その姿には、鬼気迫るものがあった。あからさまな敵意を見せるわけではないが、練習中、ことあるごとに競争心を剥き出しにしてきた。
「来栖! もう一球だ! 今ので終わりかよ!」
ブルペンで隣り合って投げ込んでいる時、彼はよくそんな風に俺を煽ってきた。
(俺が奏多だった頃は、あいつのこと「そら」って呼んでたのにな……今は「高木先輩」か……)
そんな些細なことにも、胸がチクリと痛む。
「来栖、最近の高木、すごい気迫だと思わないか?」
ある日の練習後、キャプテンの佐伯先輩が汗を拭きながら俺に話しかけてきた。
「……そうですね。気合、入ってるみたいです」
「ああ。お前が入ってきてから、あいつも目の色が変わったよ。いい意味でな。……お前たち一年と二年のダブルエースで、今年の青葉を甲子園に連れて行ってくれよ」
佐伯先輩の言葉は、素直に嬉しかった。そして、少しだけ、胸が熱くなった。俺は、このチームで、自分の居場所を見つけ始めているのかもしれない。上杉奏多としてではなく、来栖悠人として。
そんな中、俺にとって一番の変化、そして悩みの種は、上杉美波の存在だった。
マネージャーとして入部した彼女は、献身的にチームをサポートしながら、いつも俺のことを見ている気がした。それは、自意識過剰なんかじゃない。練習中、ふとした瞬間に視線を感じてそちらを見ると、必ず美波と目が合うのだ。彼女は、慌てて視線を逸らす。
「来栖君、これ、新しいタオル。汗、すごいよ」
「……ありがとう、上杉さん」
休憩中、彼女はよく俺にドリンクやタオルを差し入れしてくれた。その度に、俺の心臓はぎこちなく脈打つ。妹に、こんな風に世話を焼かれるなんて、想像もしていなかった。
「あの……今日のピッチング、すごく良かった。特に、あのインコース高めのストレート……兄さんが、全盛期の時によく投げてた球筋に、なんだか似てて……ドキッとしちゃった」
美波は、時折、そんな風に、俺のピッチングに兄……つまり、上杉奏多の面影を重ねているようなことを口にした。その度に、俺は胸の奥が締め付けられるような、甘酸っぱくて、でもどうしようもなく切ない気持ちになった。
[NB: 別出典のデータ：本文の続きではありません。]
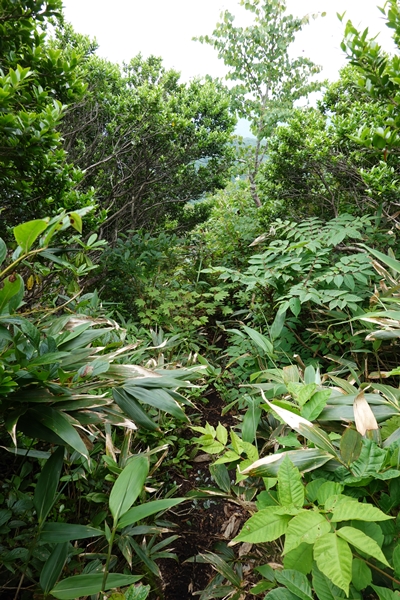 さて、下山します。 出だしは足元が見えにくい笹の道。 |
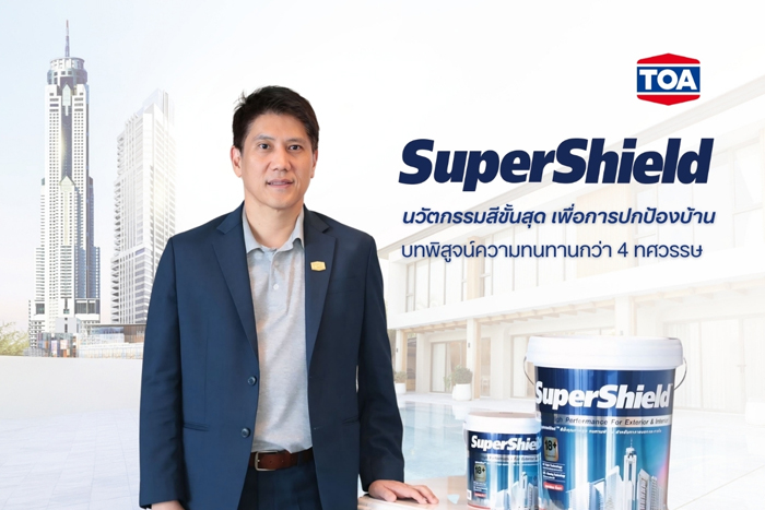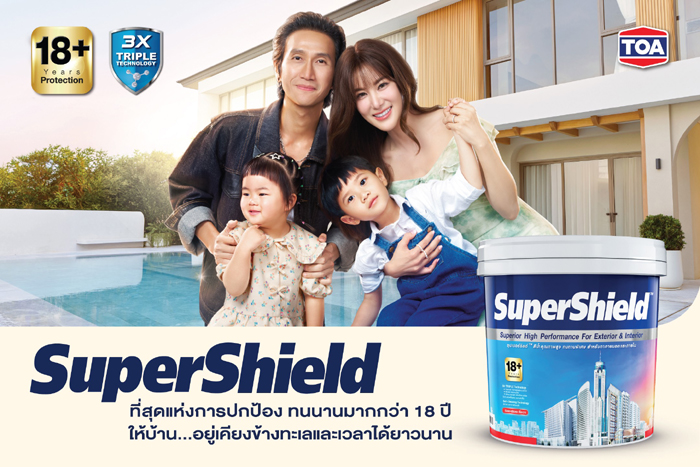 บริษัท ทีโอเอ เพ้นท์ (ประเทศไทย) จำกัด (มหาชน) หรือ TOA ผู้นำนวัตกรรมอันดับ 1 ในอุตสาหกรรมสี เคมีภัณฑ์ก่อสร้าง และวัสดุตกแต่งพื้นผิวของไทยเปิดตัวแคมเปญใหญ่ “SuperShield ที่สุดแห่งการปกป้องบ้าน” ตอกย้ำการเป็นผู้นำตลาดสีทาอาคารตัวจริง ด้วยความสำเร็จของสีซุปเปอร์ชิลด์ ที่ได้รับความไว้วางใจจากผู้บริโภคและโครงการชั้นนำทั่วประเทศมายาวนานกว่า 4 ทศวรรษพร้อมเปิดตัวภาพยนตร์โฆษณาชุดใหม่ ดึงร็อคสตาร์แถวหน้า “ตูน – บอดี้สแลม” ร่วมถ่ายทอดประสบการณ์การปกป้องบ้านและครอบครัวที่รักที่สุด ด้วยสุดยอดนวัตกรรม Triple Technology ที่มี ‘ไทเทเนียม แบเรียม และ ซิลิกา แอโรเจล’ ช่วยสะท้อนแสงอาทิตย์ได้สูงสุดถึง 99.2% พร้อมชูมาตรฐานระดับโลกด้วย ฉลาก EPD รายแรกในไทยที่ครอบคลุมทุกผลิตภัณฑ์สี

彼女は、俺が奏多だなんて、夢にも思っていないだろう。ただ、兄を亡くした悲しみの中で、兄と同じ野球に打ち込み、どこか兄に似た雰囲気を持つクラスメイトの「来栖悠人」に、特別な感情を抱き始めているのかもしれない。
それでも……彼女の言葉は、彼女の存在は、俺にとって、何よりの励みになった。この体で、もう一度野球をやる意味を、与えてくれているような気がした。
「ユウト、あんた、最近ちょっと調子乗ってんじゃないの? なんか、クラスでも雰囲気変わったって噂だよ」
学校の帰り道、幼馴染の橘莉子が、呆れたように言った。彼女は、俺が野球部で少しずつ結果を出し始めていることを、どこからか聞きつけているらしい。
「……別に、乗ってねえよ」
「ふーん。まあ、どーせまたすぐヘタレに戻るんでしょ。期待しないで見てるから」
相変わらずの口の悪さだが、その声には、以前のようなトゲトゲしさはなかった。むしろ、どこか楽しんでいるような……。こいつも、俺の変化を、それなりに認めてくれているのかもしれない。
秋季地区大会が、刻一刻と近づいてきていた。
俺は、悠人のノートの理論を体に染み込ませるため、そして、試合で投げ抜くためのスタミナをつけるため、毎日必死で練習を続けた。姉の綾音さんも、時々俺の練習を見て、的確なアドバイスをくれるようになった。
「悠人、今の投げ方、少し肩に力が入っているわ。もう少し、下半身主導で……そう、そんな感じ。体幹ももっと意識して」
彼女のアドバイスは、さすが全国レベルのアスリートだけあって、いつも的確で、俺の成長を加速させてくれた。憧れの人が、自分のピッチングを見てくれている。それだけで、どんな厳しい練習も乗り越えられそうな気がした。
そして、秋季大会の初戦。相手は、夏の大会で帝都実業に敗れた、古豪、武蔵野第一高校。
俺は、監督から先発マウンドを任された。
スタンドから、美波の、そして、いつの間にか応援に来てくれていた綾音さんや莉子、小春の声援が聞こえる。
大丈夫だ。俺は、もう一人じゃない。俺は、深呼吸をして、キャッチャーのサインに頷いた。